Она повела девочку прочь, обернулась, кивнула Герману на дверь.
Спичек у прапорщика не было. Коробок нашелся в кармане щеголеватого гайдамака. Герман сунулся в залу, чиркнул… Полыхнуло так, что на крыльцо пришлось выпрыгивать.
Пашка с карабином топтался посреди двора.
– Понимаешь, я думал, она умыться в корыте идет. А она хвать цапку. Я же и не подумал…
Голос у юного большевика был плачущий.
– Да ладно тебе, – пробормотал Герман. – Пошли отсюда, пока совсем с ума не сошли.
За спиной лопнули уцелевшие стекла. Из окон рвалось бесцветное пламя.
– Я лучших лошадок отобрал, – пробормотал Пашка. – Хорошие лошади, особенно вороная. И упряжь справная. Может, этой… тоже лошадь взять? Умеет она верхом, как думаешь?
– Дурак ты, – Герман тщетно пытался поймать носом сапога стремя.
Пашка подозрительно хлюпнул носом:
– Ну да. Не соображаю. Эх…
* * *
Как бы всё это накрепко забыть? Герман прошел мимо дремлющих лошадей. В кроне ясеня для пробы щелкнул сонный черный дрозд. Нет, еще рано. Спит лес. Спит товарищ Пашка. Девушки спят, скорчившись под старым рядном. У смуглой маленькой иудейки странное имя – Вита. Командирша буркнула, что это уменьшительное от Виталии – Виталины. По-латыни – Жизненная. Странное имя для еврейки. И откуда Екатерина Георгиевна знает, как девчонку зовут? За два дня та ни слова не произнесла. Скажут идти – идет, скажут сидеть – сидит. Лицо пустое, в глаза лучше не заглядывать. Пашка, уж на что пролетарско-кузнечной закалки, а и то старательно отворачивается. Одна Катерина железобетонно спокойна. И обезумевшие дети ей ничто, и по трупам ходит как по бревнам. Кто из них двоих безумнее?

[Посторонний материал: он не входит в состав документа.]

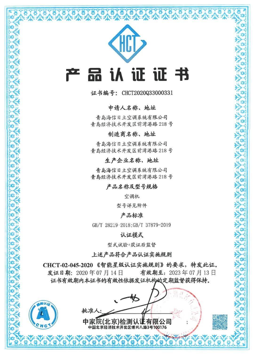 青島海信日立空調系統有限公司商品售后服務認證證書服務認證I型五星級(中國質量認證中心) 青島海信日立空調系統有限公司獲全國質量檢驗穩定合格產品(中國檢驗質量協會)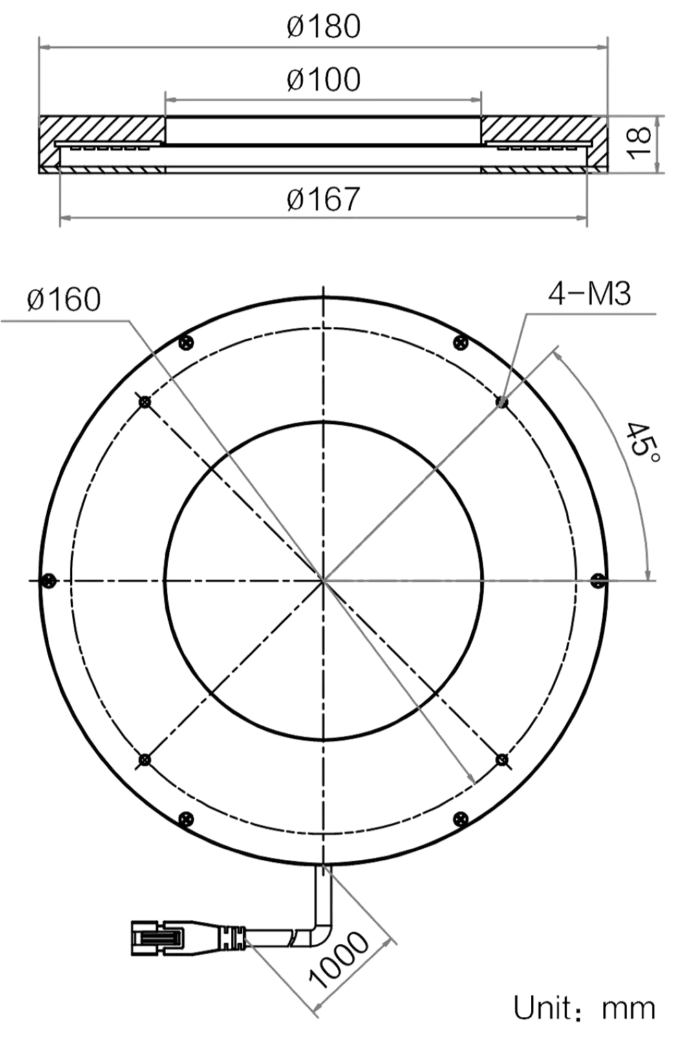Mechanische Spezifikationen des MV-LRDS-H-180-90-R2: Abmessungen: Φ180 mm × 18 mm | Außenmaße: Φ180 mm | Bohrungsdurchmesser: Φ100 mm | Abstrahlflächenabmessungen: Φ167 mm | LED-Reihen: 6 | Gewicht: 550 g. Diffusionsplatte (PMMA) inklusive für gleichmäßigere Lichtverteilung. Die 6-reihige LED-Anordnung sorgt für besonders hohe und gleichmäßige Leuchtdichte über das gesamte Abstrahlfeld.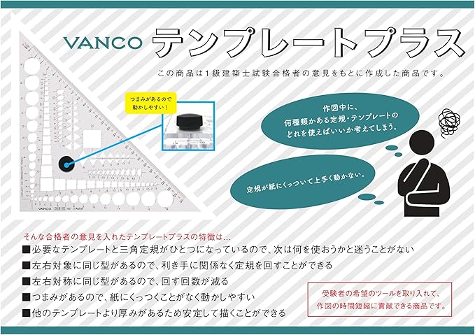 *建築士試験場で使用不可になった報告はありませんが、念の為に従来のテンプレートもご持参ください(バンコ202-80等)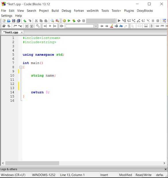 Dentro de los soportes vamos a declarar nuestro primer y solamente la variable para el programa, "nombre de la cadena;"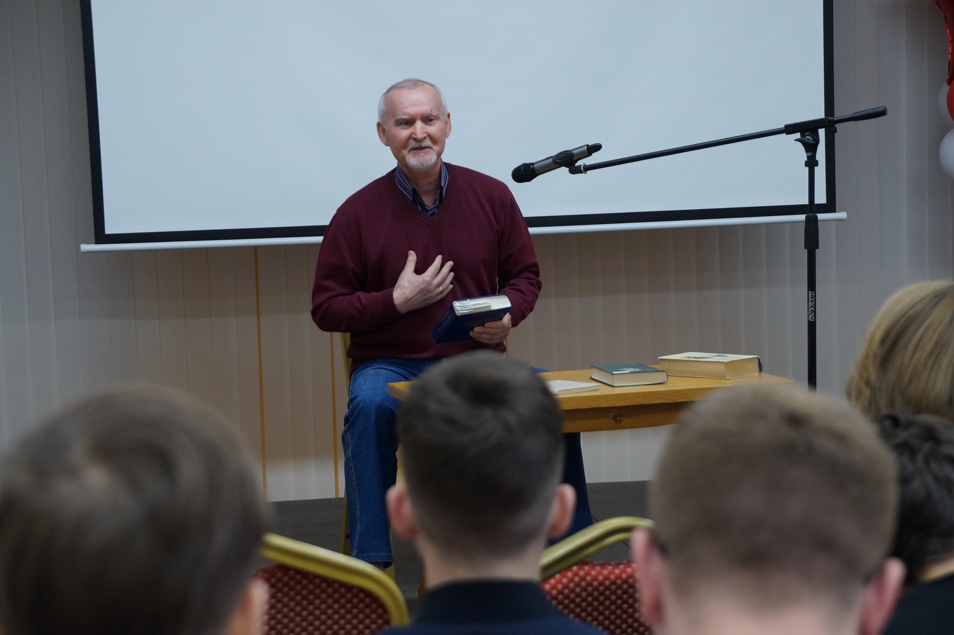 Акцентировал внимание школьников на документальном жанре Александр Астафьев, депутат горДумы, член Союза писателей России и ветеран ОВД. Он зачитал эпизод из сборника местного краеведа и педагога, участника Великой Отечественной Виктора Гриневича «Среднеуральцы на войне 1941-1945 годов», в котором описан реальный подвиг нашего земляка, старшего лейтенанта Георгия Киселева, командира роты связи, погибшего на поле боя в 1943-м. Александр Владимирович поведал и о единственном в городе энергетиков и Медной столице ветеране – кавалере ордена Суворова – Николае Мальцеве (книгу о нем написал сам народный избранник).
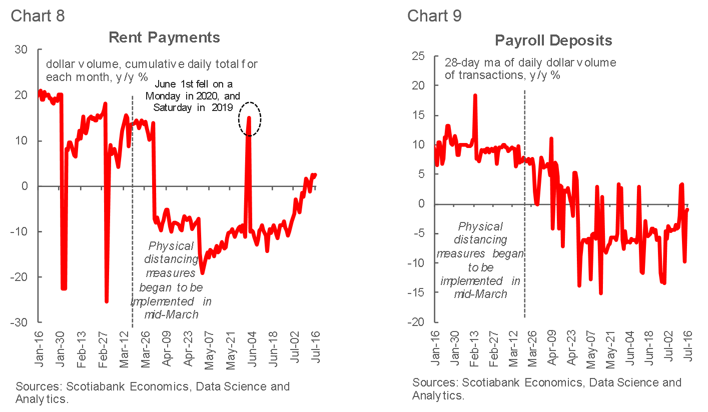 -Rent payments continued to rise, with y/y growth turning positive in mid-June. Payroll deposits have recently started to rise as well, in line with an improvement in the employment market (Charts 8 and 9).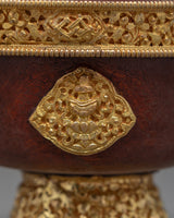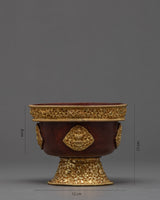 This Offering Bowl is an entirely hand-carved item; made of copper alloy which has fine hand carvings of Buddhist symbols of prosperity and is submitted to a gold plating effect with a raised stand. Otherwise called Yonhap in Tibetan, this water offering is made in a set of seven bowls. Practitioners follow this custom of seven bowl contributions early mornings and eliminate them toward the finish of every prior day at nightfall.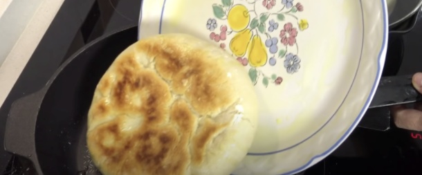 - Place one of the loaves on the greased pan and cover with a lid. Cook the bread over medium heat on one side for 12-15 minutes, until the bottom turns golden.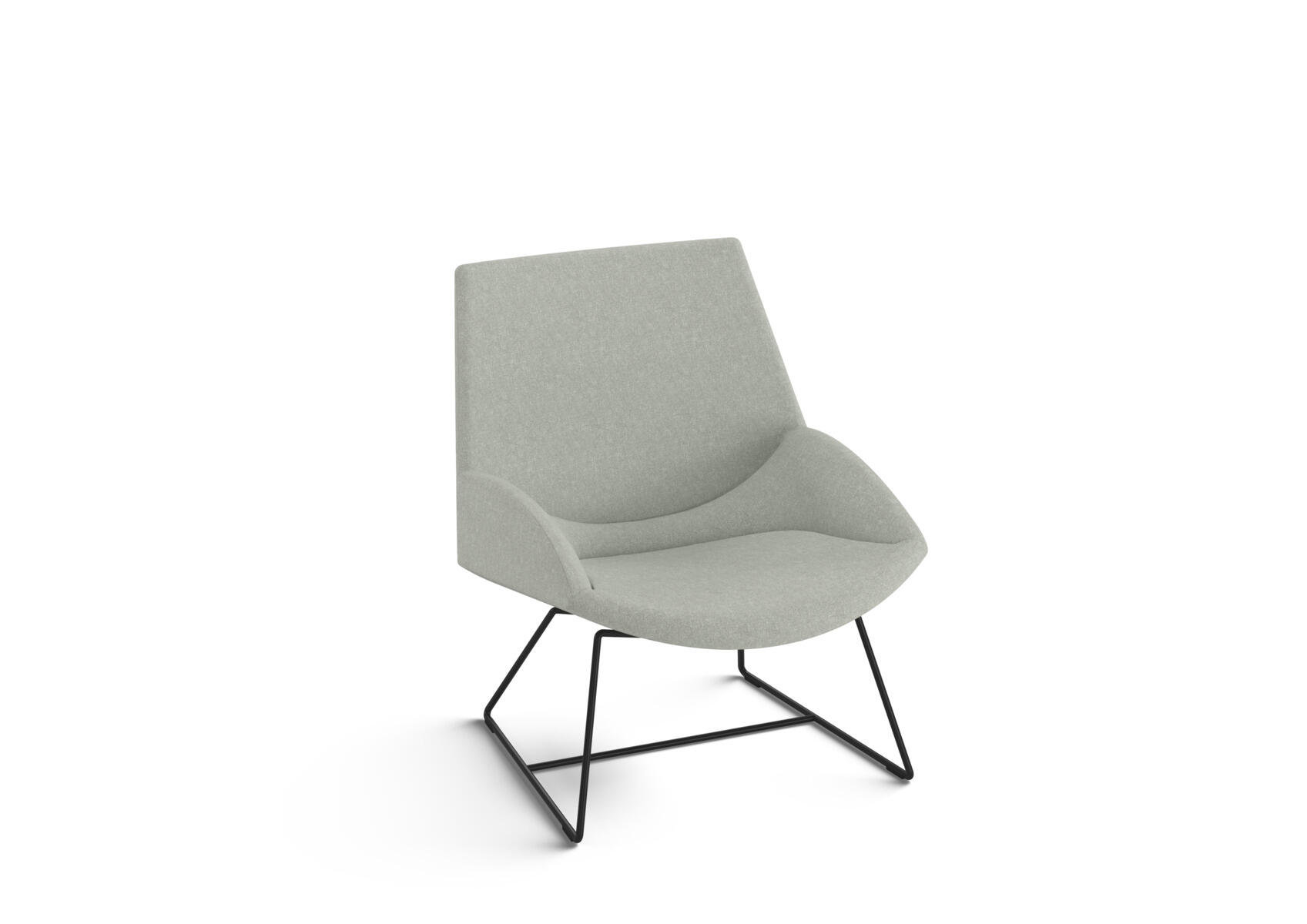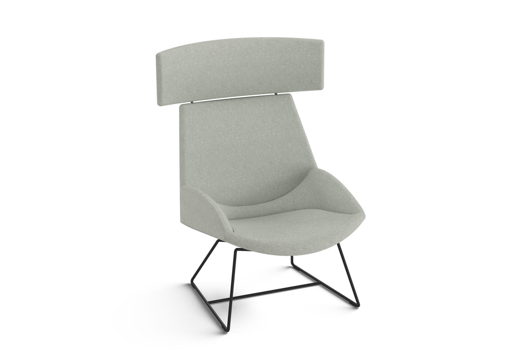 Omslutande fåtölj som tack vare sina höga sidor har en ljuddämpande och avskärmande effekt, vilket gör att den lämpar sig för exempelvis mindre, privata möten eller telefonsamtal. De höga väggarna ger avskildhet från resten av rummet. Trästomme och stoppning i kallskum. Medar i pulverlackad metall. Färgval på rygg. Gavlar och sits alltid grå kulör i det tyg som väljs. Som tillval finns eluttag.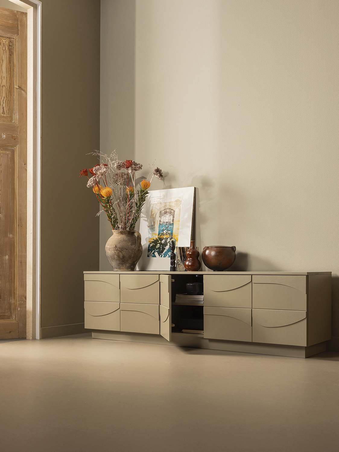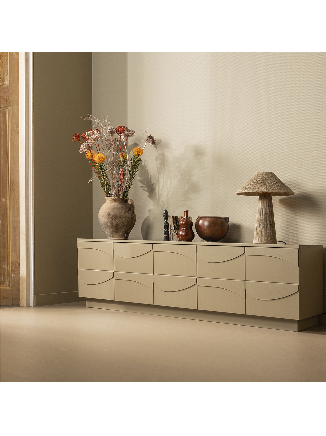 Organski oblici i razigrani 3D efekt, karakteristike su najnovijih životnih trendova. Teo komoda u potpunosti obuhvaća ove karakterne osobine. Dizajnirana je i proizvedena za Exclusive kolekciju nizozemskog branda interijera WOOOD i izrađena je od 100% FSC certificiranog bora s prekrasnim, zemljanim tonom.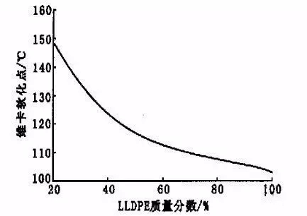 When the LLDPE mass fraction is 40%-60%, the softening point of vica is still close to 120 degrees.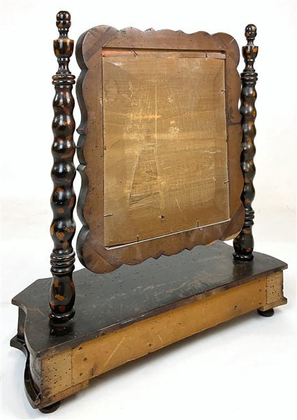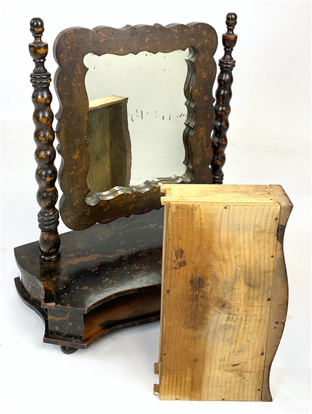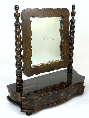 Specchierina d'appoggio di forma sagomata in legno laccato con sostegni torniti e cassettino alla base (cm 51x58x23) (difetti)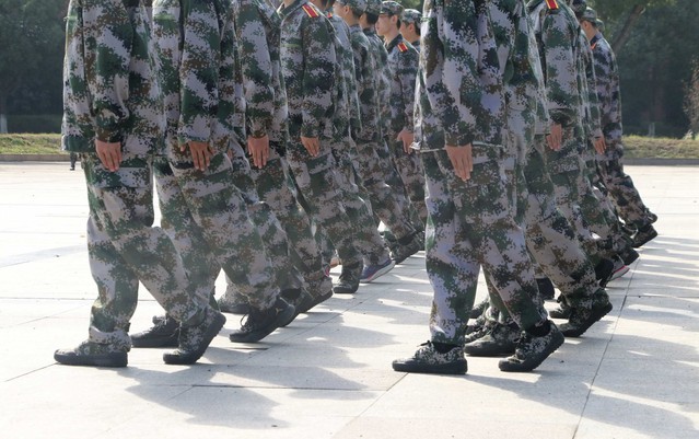 军训的第二天,站在骄阳下的同学们一遍又一遍地跟着教官的口号做着四面转法练习。教官的一声声口号在阳光下响着,同学们的汗水一滴一滴地从脸颊滑落,校园上空飘扬着他们以实际行动书写下的坚强的气息。那一声声嘹亮的振奋人心的声音,给平日里安静的校园增添了一份活力。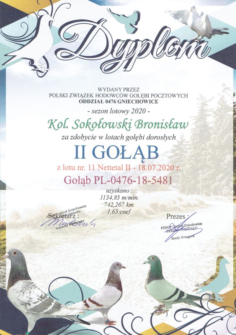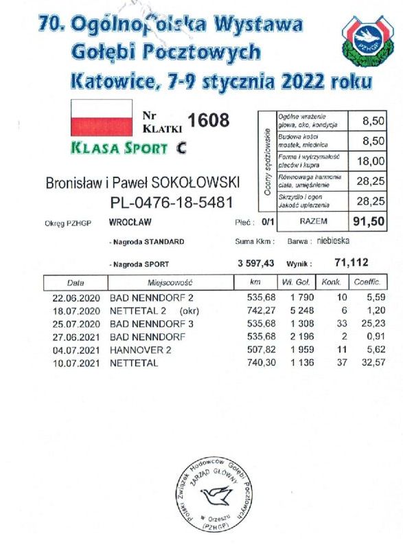 Z racji tego, iż od dwóch lat lotujemy tylko i wyłącznie samicami do odstąpienia mamy nadwyżkę samców z roku 2025 i 2024 – gołębie te były lotowane jako młode i przeszły cały program lotowy. Gołębie roczne w 2025 roku były partnerami do samic lotowych. Gołębie wywodzą się z naszych najlepszych gołębi lotowych i rozpłodowych – szczegóły w rodowodach. Istnieje możliwość po wylicytowaniu ich, na odebranie gołębi na Międzynarodowych Targach Gołebi Pocztowych w EXPOGołębie w Katowicach w dniu 10.01.2026 W tym rok 2025 lotując tylko 33 samicami zdobyliśmy: MISTRZOSTWO POLSKI KATEGORIA „B” -95 Przodownik; MISTRZOSTWO REGIONU V 2025 - KATEGORIA "B"-14 Przodownik MISTRZOSTWO OKRĘGU WROCŁAW 2025 KATEGORIA "B"- 6 Przodownik MISTRZ ODDZIAŁU 2025 KATEGORIA "B Kategoria Wystawowa Sport A -2, 3, 12. 24, 36 gołąb Kategoria Wystawowa Sport B -1, 4, 5, 14, 44 gołąb Kategoria Wystawowa Sport D – 2, 4, 5, 23 gołąb Kategoria Wystawowa Sport W – 8, 11, 12, 13, 17, 22, 32 gołąb Kategoria Wystawowa Olimpijski Standard Samice – 5, 6, 8 ,9, 10, 13, 16, 22, 57 gołąb

Вы, Герман Олегович, безумнее. Потому как не упыриху светловолосую видите, а барышню с колдовскими изумрудными глазами. Не бесчувствие звериное, волчье, а улыбку, от которой дар речи теряешь. Так ведь не улыбалась она вам, и не будет никогда улыбаться! И с чего ты взял, что она вообще искренне улыбаться умеет? Ведьма она, в пору креститься да святой водой кропить. И тело дьявольское. Как умывалась да как по гладкой загорелой коже капли катились, забыть никак не можешь. Ушки изящные, в них отроду, должно быть, серьги не вдевали. Запомнил татуировку на плече, головоломную, то ли воровскую, то ли дикарскую. Нельзя об этом думать. Ведь не удивишься, если увидишь, как она кровь из шеи врага сосет. Губы ее бледно-розовые, чуть растрескавшиеся. И все равно вспоминаешь о них, и отступает ужас, забываются пыльные дороги, трупы, хутора, кровью забрызганные. И отступает обреченность неудержимо рушащегося мира. И стыдно, стыдно…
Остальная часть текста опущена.